India moves missiles closer to border with China: Report
(last modified Thu, 01 Oct 2020 13:55:48 GMT )
Oct 01, 2020 13:55 UTC
  • India moves missiles closer to border with China: Report

India has moved its long-range missiles closer to its common border with China, a report says, as relations between the two nuclear-armed countries remain strained over the disputed common border in the Himalayan region.

Hindustan Times quoted unnamed sources as saying in a report on Thursday that India has moved a limited number of domestically-built terrain-hugging Nirbhay missiles with a range of 1,000 kilometers to the Line of Actual Control (LAC), where Indian troops have been locked in a tense standoff with China’s People’s Liberation Army.

The LAC was established after a war in 1962, but it remains poorly defined and has been the scene of sporadic clashes over the decades, without involving cross-border firing however.

The sources added that India would formally induct the Nirbhay subsonic cruise missiles into the Indian Army and Navy as soon as the seventh trial of the missiles is successfully completed next month.

The Indian missile has a single shot kill ratio of more than 90 percent, further said the sources, whose remarks came just hours after the Indian army test-fired an extended-range BrahMos surface-to-surface supersonic cruise missile, which is said to be capable of hitting targets 400 kilometers away.

Relations between India and China took a turn for the worse after a clash in the Ladakh region in May led to the death of 20 Indian troops.
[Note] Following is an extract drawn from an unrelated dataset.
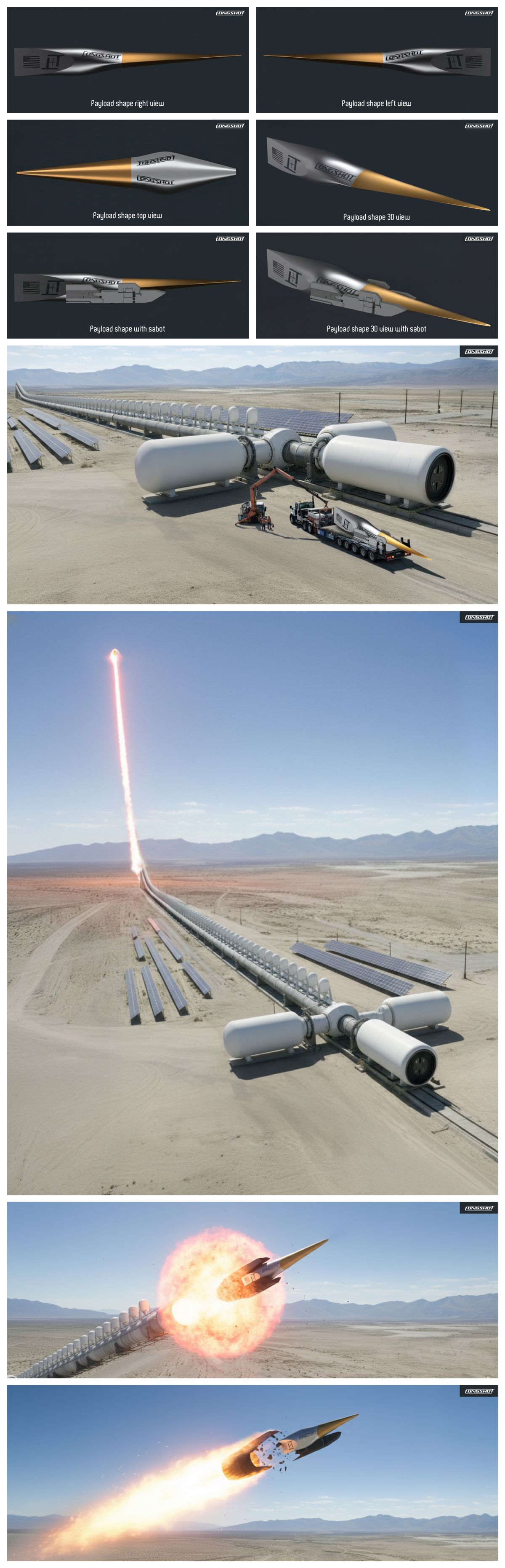 At Longshot (http://www.longshotspace.com) we make a "light gas gun" that is the world's biggest cannon to send payloads to space and accross the world. It works by making a 6 mile/10 km long steel barrell, about 10 meter accross (1000-1 length to diameter ratio) with about 100 "injections" points along side (or on top of) it where hot gas is injected to "push" the payload - so think just a very long barrel with a bunch of gas-tanks on top. What comes out at the end is basically a sort of space plane with a payload inside.

The two sides have held several rounds of talks to restore calm, while simultaneously pouring reinforcements into the region.
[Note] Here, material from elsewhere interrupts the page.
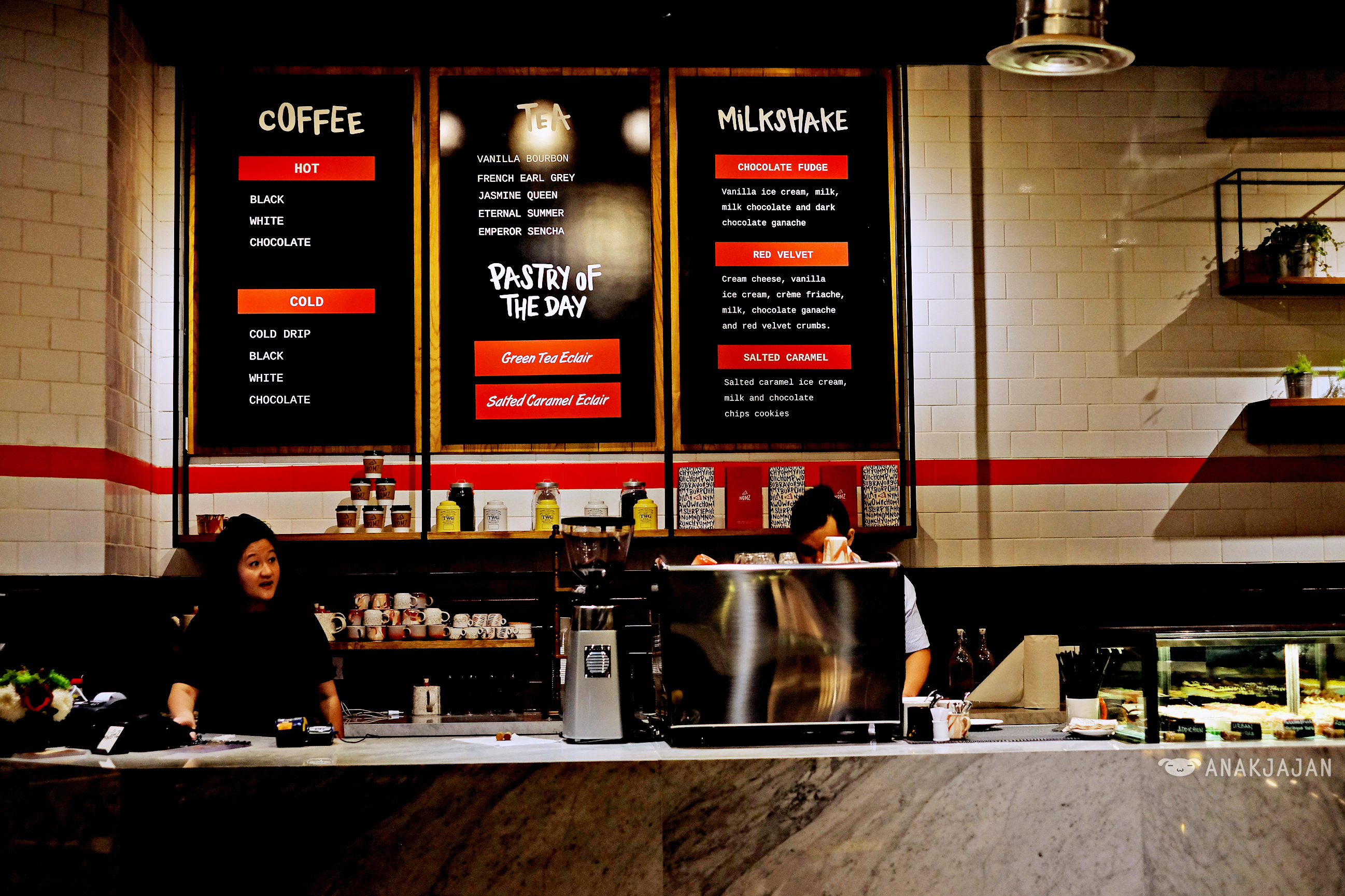 Nomz Kitchen & Pastry served various contemporary food along with dazzling patisserie, the person behind Nomz is non other than Chef Arnold Poernomo, famous celebrity chef from Master Chef Indonesia. I personally love the name from this place, simple yet catchy. Nomz!! It is located at Grand Indonesia East Mall Ground Floor, one floor above Uniqlo. The interior itself is casual and neat with brick walls, red, blue and wooden furniture.

According to the report, China has deployed missiles capable of hitting targets as far as 2,000 kilometers away, and long-range surface-to-air missiles in Tibet and Xinjiang regions following the Ladakh standoff.
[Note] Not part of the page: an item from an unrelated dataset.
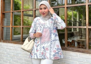 Batik Atasan Lengan Panjang Batik Wanita Modern Puffy Janggan Resleting Belakang

On Wednesday, the two neighbors held the 5th round of diplomatic talks on the LAC standoff, and once again emphasized the need to implement a “consensus” to disengage and set the stage for the next higher-level talks.

In a statement, India said that both sides had agreed that the consensus had to be implemented at “all the friction points along the LAC.”

Earlier this week, New Delhi had said that it had “never accepted the so-called unilaterally defined 1959 LAC,” describing it as “untenable.” The angry reaction came after Beijing once again said that it did not recognize the Union Territory of Ladakh.